Bisnis.com, JAKARTA - Perbedaan tajam antara Amerika Serikat dan China terkait perdagangan menyebabkan Konferensi Tingkat Tinggi (TT) Kerja Sama Ekonomi Asia Pasifik (APEC) berakhir tanpa deklarasi akhir untuk pertama kalinya.
KTT berlangsung di Papua Nugini dan ditutup kemarin waktu stempat. Tuan rumah, Perdana Menteri Peter O'Neill menjelaskan bahwa "dua raksasa" gagal mencapai kesepakatan.
Dia mengatakan pernyataan dari ketua konferensi APEC akan dirilis kemudian sebagaimana dikutip BBC.com, Senin (19/11/2018).

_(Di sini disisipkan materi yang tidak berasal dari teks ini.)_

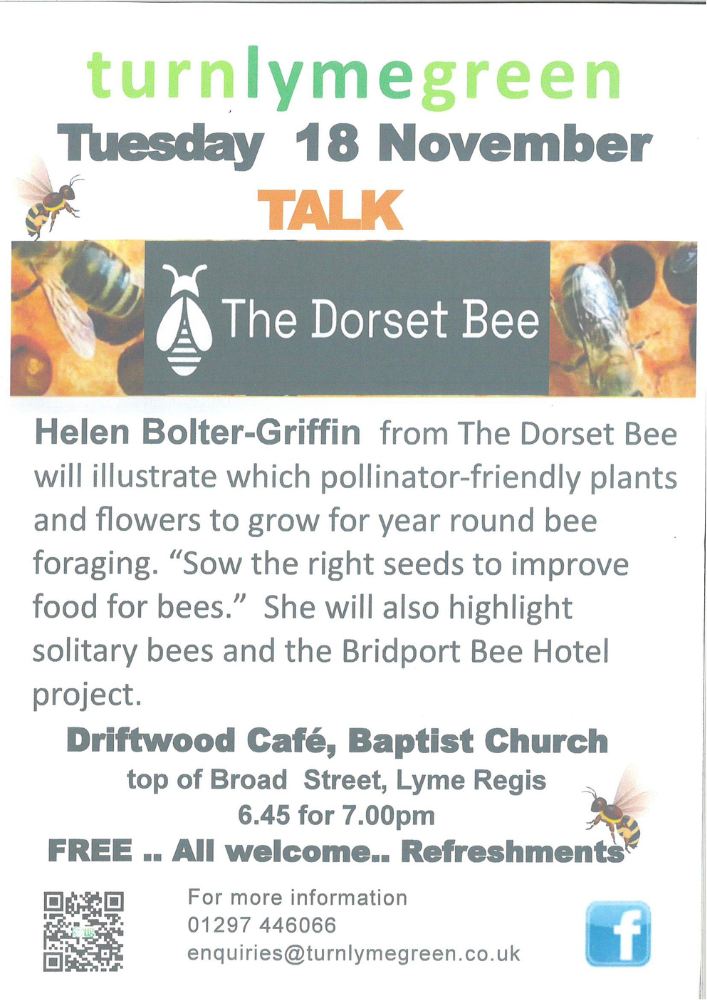 Helen Bolter-Griffin from The Dorset Bee will illustrate which pollinator-friendly plants and flowers to grow for year round bee foraging.

Amerika Serikat dan China terlibat dalam perang dagang yang sengit dan menyampaikan visi yang berbeda-beda dalam pertemuan puncak APEC.
Dalam pertemuan itu, Amerika Serikat mengatakan akan bergandengan tangan dengan Australia dalam mengembangkan pangkalan laut di Papua Nugini, dalam upaya yang tampaknya diarahkan untuk meredam pengaruh China.
'Lautan Utang'
Menurut Wakil Presiden Amerika Serikat Mike Pence, pangkalan laut itu akan membantu melindungi kedaulatan dan hak-hak maritim di kepulauan Pasifik.

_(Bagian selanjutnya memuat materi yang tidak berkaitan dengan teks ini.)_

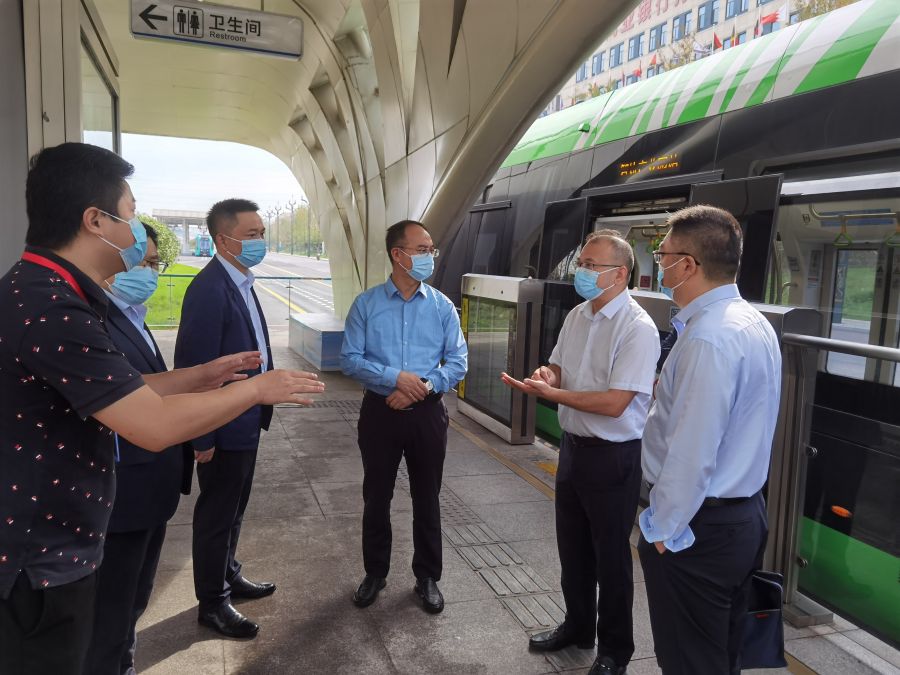 檢查組一行實地檢查了T1線車輛段、智軌產業(yè)園站,T2、T4線停車場,詳細了解了智軌運營和建設過程中安全環(huán)保、疫情防控、風險管控和拆遷設計等工作情況。

Pada Sabtu (17/11/2018), Presiden China Xi Jinping menyerang kebijakan Amerika Serikat yang mengutamakan kepentingan dalam negeri.
Baca Juga
Dia mengatakan bahwa negara-negara yang memberlakukan proteksionisme akan mengalami malapetaka. Pence kemudian mengatakan bahwa negaranya siap melipatgandakan tarif yang dikenakan terhadap barang-barang dari China.

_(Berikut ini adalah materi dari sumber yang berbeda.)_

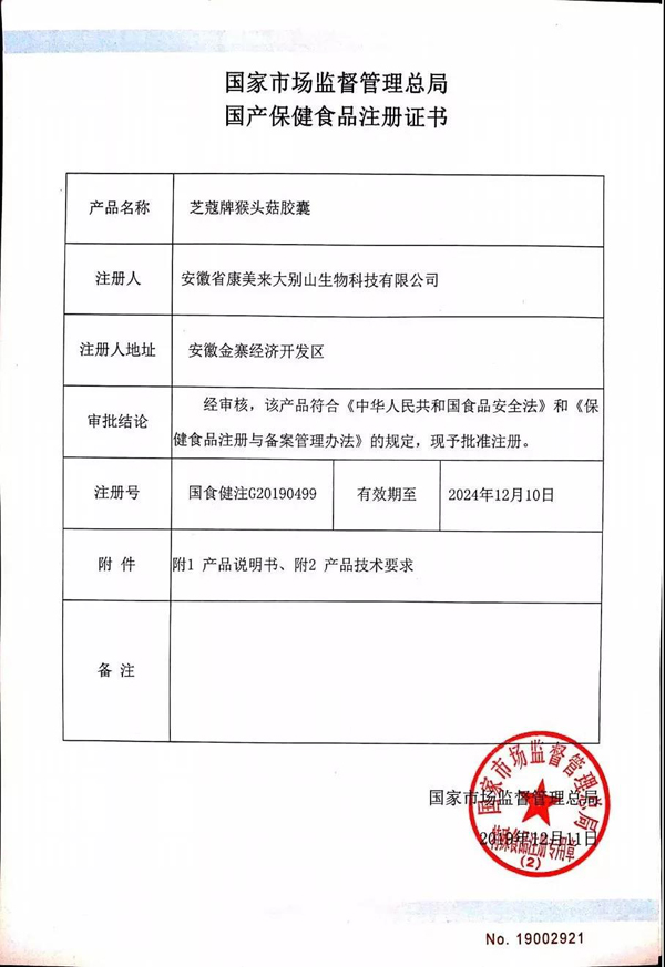 近日,國家市場監督管理總局對于康美來公司申報的國產保健食品“芝蔻牌猴頭菇膠囊”批準注冊,注冊號為 國食健注G20190499。

Pada Minggu (18/11/2018), China mengatakan tidak ada satu pun negara berkembang yang mengalami kesulitan utang karena bekerja sama dengan Beijing.
Pernyataan tegas Kementerian Luar Negeri China ini dikeluarkan setelah Pence memperingatkan bahwa negara-negara kecil dapat terjerumus ke dalam lautan utang jika mereka meminjam dari China.
Salah satu negara yang mengeluh terjerat utang dari China adalah Maladewa. Presiden baru Maladewa mengeluh betapa besar beban utang yang ditanggung negaranya akibat meminjam dari China.